# WHAT THE TASK ASKS:
For the data that follows, print the line with "Black Off The", the line with "1) 제1 여객터미널 ↔ 1터미널 장기주차장", and all lines between them, exactly as they stand. Omit pictures and add nothing.

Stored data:
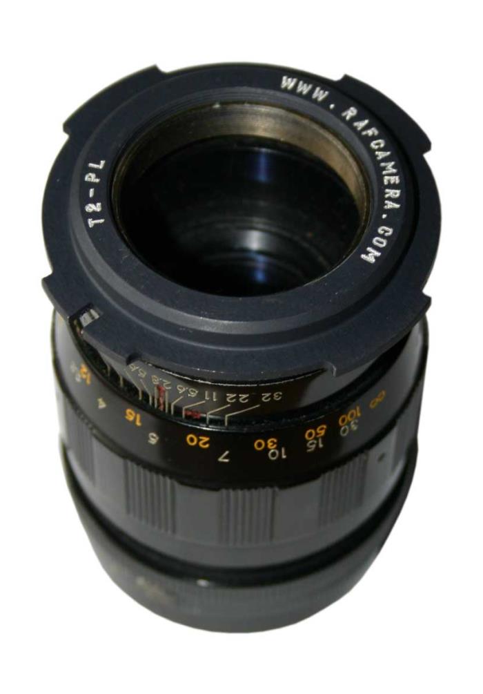 This adapter is made of anodized light alloy (it's weight is only 20gr). It allows to mount T/T2 lenses (m42x0.75, 55mm flange focal distance) onto PL-mounted camera like Arriflex. Also, it can be used with most modern DSLRs through their PL adapters.
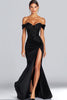 Black Off The Shoulder Satin Mermaid Gala Dress with Slit
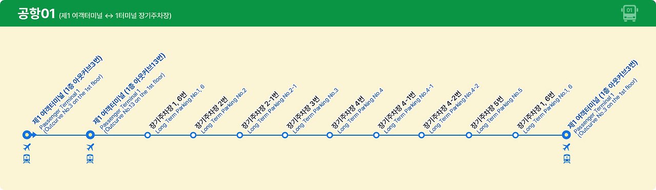 1) 제1 여객터미널 ↔ 1터미널 장기주차장
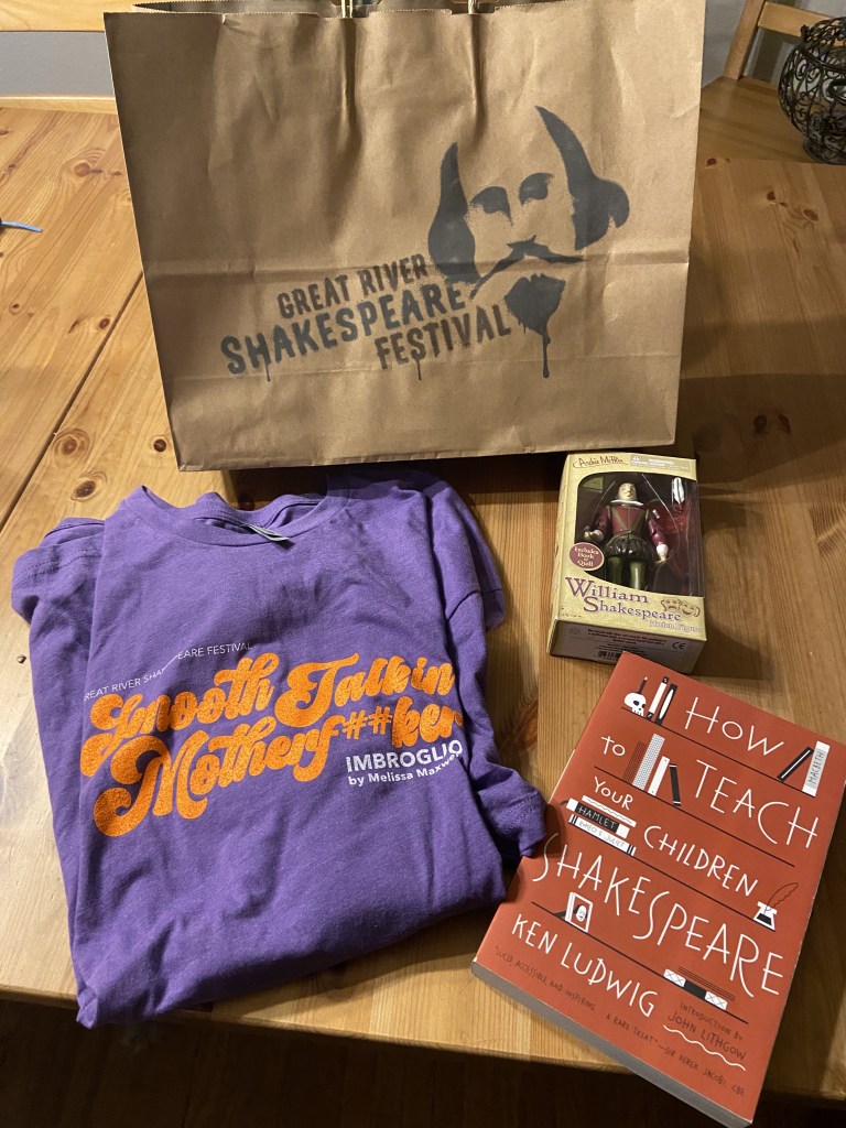 This entry is going to be something a little bit different, I will share some thoughts on each of the plays but I want to focus on the experience itself. This is the 20th season for the Great River Shakespeare Festival. You can learn about how it started as well as what it’s like to perform in repertory theater on the recent episode of the Twin Cities Theater Chat Podcast, which Jill Schafer and Carol Jackson spoke with GRSF Artistic Director Doug Sholz-Carlson and Melissa Maxwell. To listen to that episode click here https://bit.ly/GreatRiverShakespeareFestivalTCTC. There are a few things to know so you get the most out of the festival. 35 minutes before each performance under a little white tent outside the theater, they hold the Green Show followed by Know Before You Go. The first, features actors from the professional understudy company who enact a variety of scenes from Shakespeare’s other plays providing entertaining information about the plays and his techniques. I always compare watching Shakespeare to watching a subtitled Foreign film, it takes about 10 or 15 minutes to adjust or tune into and then once you do, you have no trouble following along. The Green Show helps you tune into the heightened language so that when you go in for the play, you’re primed and ready. In the Know Before You Go portion, they will run down the characters and setting of the play and provide you with a handout cheat sheet to keep all the characters straight. I highly recommend planning to attend these little pre-show sessions, they’re really enjoyable and prepare you to get the most enjoyment out of the performances. Friday and Saturday evenings after the performances there are free ice cream socials during which you have an opportunity to mingle with the cast and crew and compare notes with the other members of the audience. Theater is meant to be a communal experience and this is a nice way to add to that aspect and foster a sense of community, plus ice cream’s awesome! Thursday evenings after the show there are talk backs, and Sunday mornings at 11:00 AM they have Company discussions at Blooming Grounds Coffee House in super cute Downtown Winona. There are other activities and educational opportunities throughout the festival, it really is so much more than just a series of plays. For a full rundown, visit their website at https://www.grsf.org/. Also be sure to leave time to shop at the gift corner in the lobby of the theater, I got a T-shirt to commemorate the occasion, a book and even a William Shakespeare Action Figure.
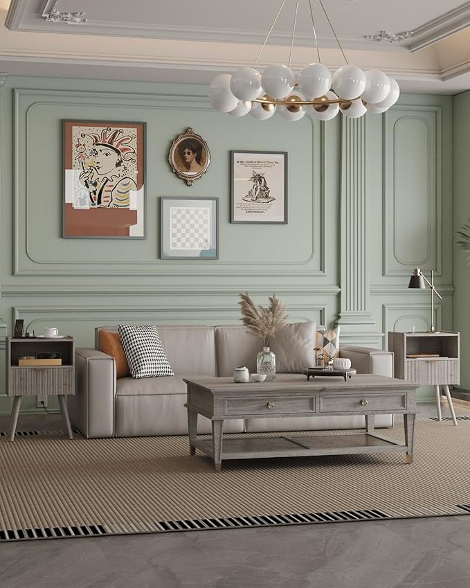 Nightstand,Modern Bedside Table with Storage Drawer and Open Wood Shelf, Accent Night Stand with Solid Wood Legs for Living Room, Bedroom and Small Spaces,Easy Assembly (Grey Oak-Outlet)

# REPLY:
 Black Off The Shoulder Satin Mermaid Gala Dress with Slit
 1) 제1 여객터미널 ↔ 1터미널 장기주차장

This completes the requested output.